Le point de vue adopté dans cette recherche est de faire en sorte que le sens commun consulte le savoir scolaire, qu’il importe le savoir scolaire dans la sphère du quotidien. Habituellement, les recherches en didactiques présentent des dispositifs visant à exporter le savoir scolaire appris dans

la sphère du sens commun. Le mouvement de la pédagogie par compétences va dans le même sens. Cette fois, nous voulons travailler dans le sens inverse c’est-à-dire que nous cherchons un moyen de faire en sorte que ce soit le sens commun qui importe les savoirs scolaires appris.

Il serait utile ici de questionner cette notion de sens commun. Parmi les multiples définitions étudiées, nous en avons retenu une qui regroupe des éléments assez consensuels : « … le “sens commun” est un savoir intuitif et immédiat sur ce qui est raisonnable de faire, un savoir qui est culturellement acquis au cours de l’éducation ou de la pratique quotidienne. » (Gueorguieva, 2002, p. 1). Ainsi, le sens commun est un savoir à l’œuvre dans l’action et de manière rapide, il est constitué de « prêts à penser » (Gonseth, 1993) qui peuvent être contradictoires et sont sollicités selon le contexte (parfois on dira que les contraires s’attirent et parfois on dira que ce qui se ressemble s’assemble).
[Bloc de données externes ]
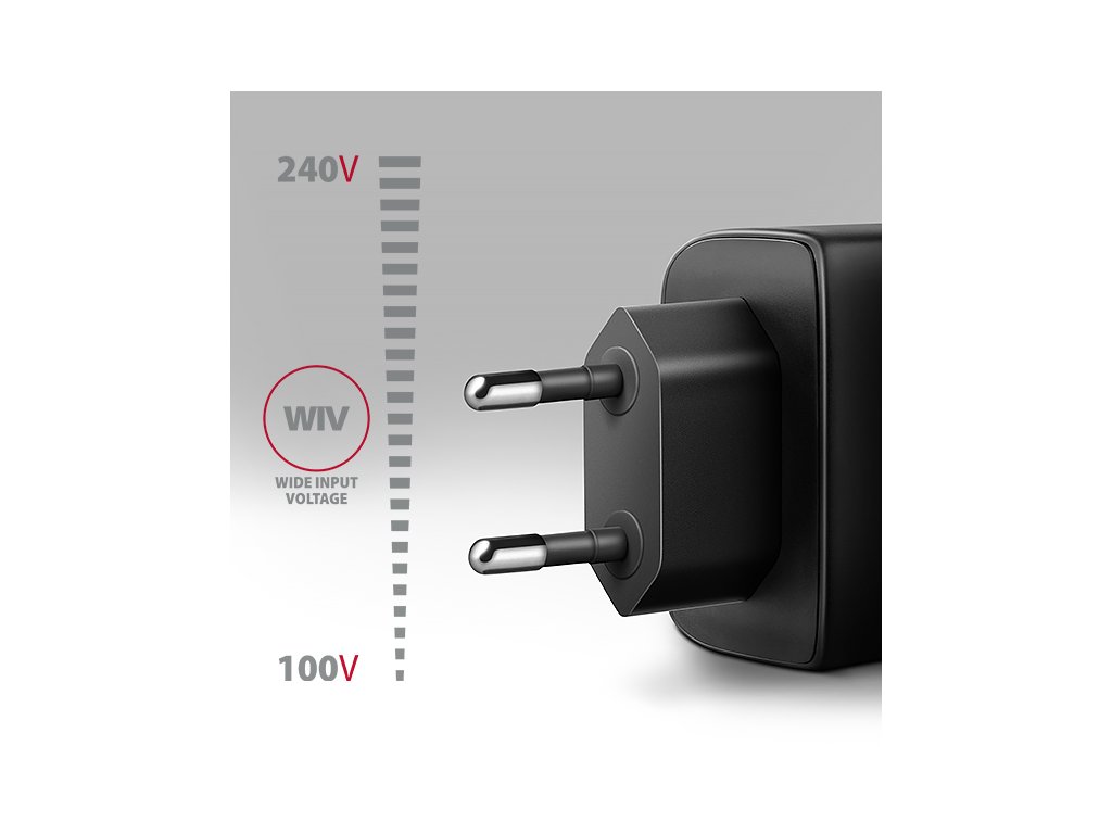 • Široké vstupné napätie - vyznačuje sa širokým rozsahom vstupného napätia, chráni adaptér pred podpätím a vstupným prepätím a umožňuje použitie viacerých "národných štandardov napájania".

Notre recherche vise deux buts : Un but utopique qui est de faire en sorte que le sens commun consulte l’esprit scientifique, qu’il importe le savoir scolaire appris et, un but pratique, qui vise à ce que le citoyen se munisse d’une « clochette de vigilance », en d’autres mots qu’il introduise un doute, une hésitation, par rapport à la validité de son action. Notre question de recherche est la suivante : Peut-on entraîner le sens commun à s’arrêter rapidement dans le cours d’une action ? Sachant que le sens commun est immédiat, intuitif, rapide et sachant aussi qu’on ne peut le dénaturer, peut-on le faire arrêter rapidement ? Hésiter ? Dans l’espoir que cet arrêt permettra une éventuelle consultation du savoir appris.

Quatre présupposés sous-tendent notre recherche : 1) D’abord il faut supposer que les savoirs que l’on considère pertinents pour une action adéquate soient disponibles chez les sujets. Pour assurer cette condition, nous avons choisi de nous restreindre dans un premier temps à quelques savoirs mathématiques enseignés dans les premières années de la scolarité obligatoire. 2) Ensuite, nous admettons qu’il est possible de mettre en relation le savoir scolaire et le savoir de sens commun, en d’autres termes que l’importation est effectivement réalisable. 3) Puis, il nous faut aussi admettre que le simple fait de s’arrêter peut conduire à une réflexion et, enfin 4) que le sens commun peut évoluer, comme en témoigne l’acception maintenant assez généralisée d’un système héliocentrique.